In this lesson, we’ll discover that the greatest way we can follow Christ’s example is by serving others in love and with a humble heart.

Key Verse

Philippians 2:5: In your relationships with one another, have the same mindset as Christ Jesus.

Introduction

We have been called by Christ to show God’s love by sacrificial service. Our flesh wants to have power and influence over other people. Our flesh wants special privileges and honors. But the work of God’s Spirit in our lives should produce the desire to be more like Christ in His humility and servanthood.

Even Jesus’ own disciples struggled with this desire for position and power. They had walked with Jesus for three years, witnessed His miracles, and heard His teachings, yet they still argued among themselves about who would be greatest in God’s kingdom. On one occasion, James and John even asked Jesus if they could sit at His right and left hand in His glory. Their mother joined them in this request, hoping to secure places of honor for her sons.
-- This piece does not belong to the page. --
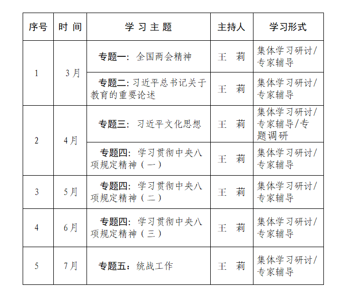 学习重点:深入学习十四届全国人大三次会议和全国政协十四届三次会议精神,深刻领会政府工作报告中的新总结、新内容、新思想,把握好报告关于2024年工作成就的总结和2025年工作总体要求、预期目标和重点工作,注重把学习贯彻全国两会精神与学习贯彻习近平总书记关于教育的重要论述和党的二十大、二十届三中全会精神结合起来,深化改革,谋划工作。

Matthew 20:20-21: Then the mother of Zebedee’s sons came to Jesus with her sons and, kneeling down, asked a favor of him. “What is it you want?” he asked. She said, “Grant that one of these two sons of mine may sit at your right and the other at your left in your kingdom.”

When the other disciples heard about this request, they became angry—not because James and John were wrong to seek positions of honor, but because they wanted those positions for themselves! This revealed that all the disciples were thinking about greatness in worldly terms.
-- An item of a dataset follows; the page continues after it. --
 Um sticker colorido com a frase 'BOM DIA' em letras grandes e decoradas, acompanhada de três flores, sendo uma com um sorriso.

But Jesus used these moments to teach them—and us—what true greatness really means. The disciples expected earthly kingdoms to work one way—with the powerful ruling over the weak, and the important people being served by everyone else. But Jesus turned their expectations upside down:

Matthew 20:25-28: Jesus called them together and said, “You know that the rulers of the Gentiles lord it over them, and their high officials exercise authority over them. Not so with you. Instead, whoever wants to become great among you must be your servant, and whoever wants to be first must be your slave—just as the Son of Man did not come to be served, but to serve, and to give his life as a ransom for many.”

Notice that Jesus didn’t condemn their desire for greatness. Instead, He redefined what greatness means. In God’s kingdom, the path to true greatness leads through costly service, not through being served. The greatest person is not the one who has the most people serving them, but the one who sacrifices the most to serve others.

In this lesson, we will explore two essential truths that will transform how we think about serving God and others:

  • How Jesus was a servant
  • How we follow Jesus in service

How Jesus Was a Servant

Jesus didn’t just teach the principle of servant leadership—He demonstrated it in the most powerful way possible. On the night before His crucifixion, Jesus took a basin and towel and washed His disciples’ feet, doing the work of the lowest servant in the household:

John 13:12-15: When he had finished washing their feet, he put on his clothes and returned to his place. “Do you understand what I have done for you?” he asked them. “You call me ‘Teacher’ and ‘Lord,’ and rightly so, for that is what I am. Now that I, your Lord and Teacher, have washed your feet, you also should wash one another’s feet. I have set you an example that you should do as I have done for you.”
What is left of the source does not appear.